All of the data is to be printed exactly, though the images must be left off.

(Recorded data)
───

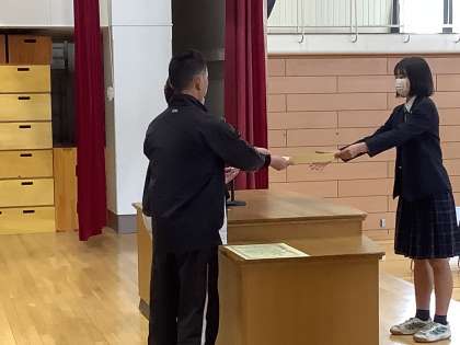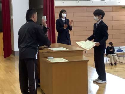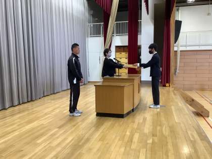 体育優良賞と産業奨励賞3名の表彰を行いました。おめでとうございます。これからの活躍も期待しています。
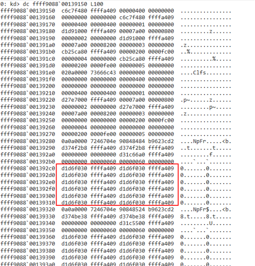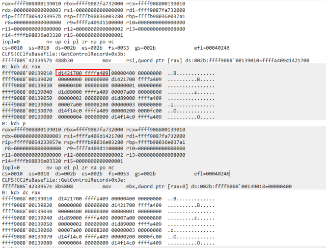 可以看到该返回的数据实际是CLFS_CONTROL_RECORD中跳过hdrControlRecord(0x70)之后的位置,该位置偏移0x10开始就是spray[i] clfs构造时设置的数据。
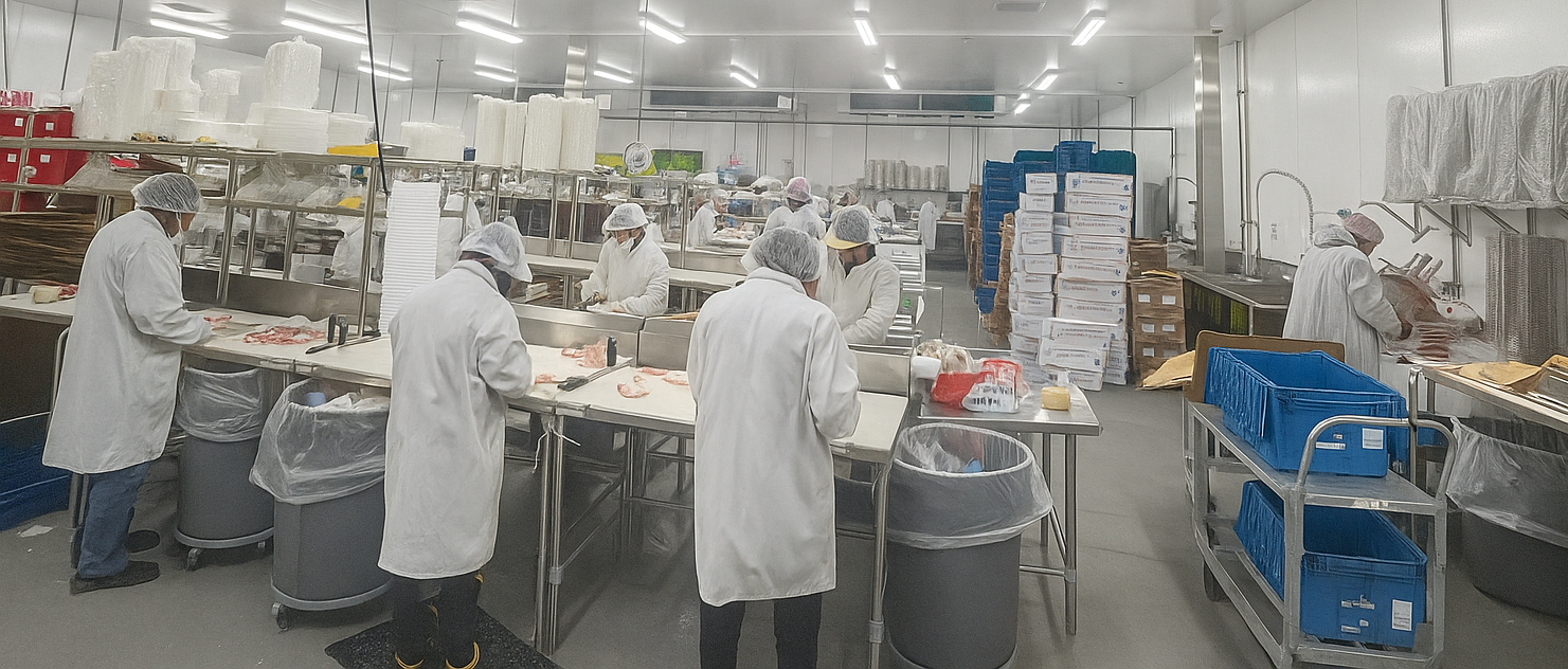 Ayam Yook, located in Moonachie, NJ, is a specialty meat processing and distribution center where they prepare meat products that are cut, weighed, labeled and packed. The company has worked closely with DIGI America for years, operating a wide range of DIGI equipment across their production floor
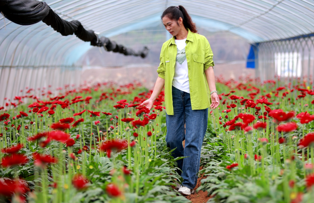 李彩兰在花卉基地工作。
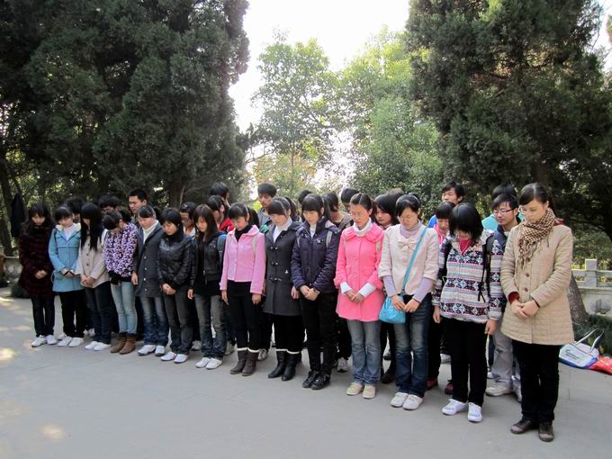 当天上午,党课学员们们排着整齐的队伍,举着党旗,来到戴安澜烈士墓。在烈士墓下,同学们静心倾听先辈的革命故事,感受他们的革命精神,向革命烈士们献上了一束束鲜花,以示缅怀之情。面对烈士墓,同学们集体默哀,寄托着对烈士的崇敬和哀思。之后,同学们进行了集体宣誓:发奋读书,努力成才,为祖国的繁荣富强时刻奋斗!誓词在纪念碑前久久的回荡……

───

## Result for this exercise
 体育優良賞と産業奨励賞3名の表彰を行いました。おめでとうございます。これからの活躍も期待しています。
 可以看到该返回的数据实际是CLFS_CONTROL_RECORD中跳过hdrControlRecord(0x70)之后的位置,该位置偏移0x10开始就是spray[i] clfs构造时设置的数据。
 Ayam Yook, located in Moonachie, NJ, is a specialty meat processing and distribution center where they prepare meat products that are cut, weighed, labeled and packed. The company has worked closely with DIGI America for years, operating a wide range of DIGI equipment across their production floor
 李彩兰在花卉基地工作。
 当天上午,党课学员们们排着整齐的队伍,举着党旗,来到戴安澜烈士墓。在烈士墓下,同学们静心倾听先辈的革命故事,感受他们的革命精神,向革命烈士们献上了一束束鲜花,以示缅怀之情。面对烈士墓,同学们集体默哀,寄托着对烈士的崇敬和哀思。之后,同学们进行了集体宣誓:发奋读书,努力成才,为祖国的繁荣富强时刻奋斗!誓词在纪念碑前久久的回荡……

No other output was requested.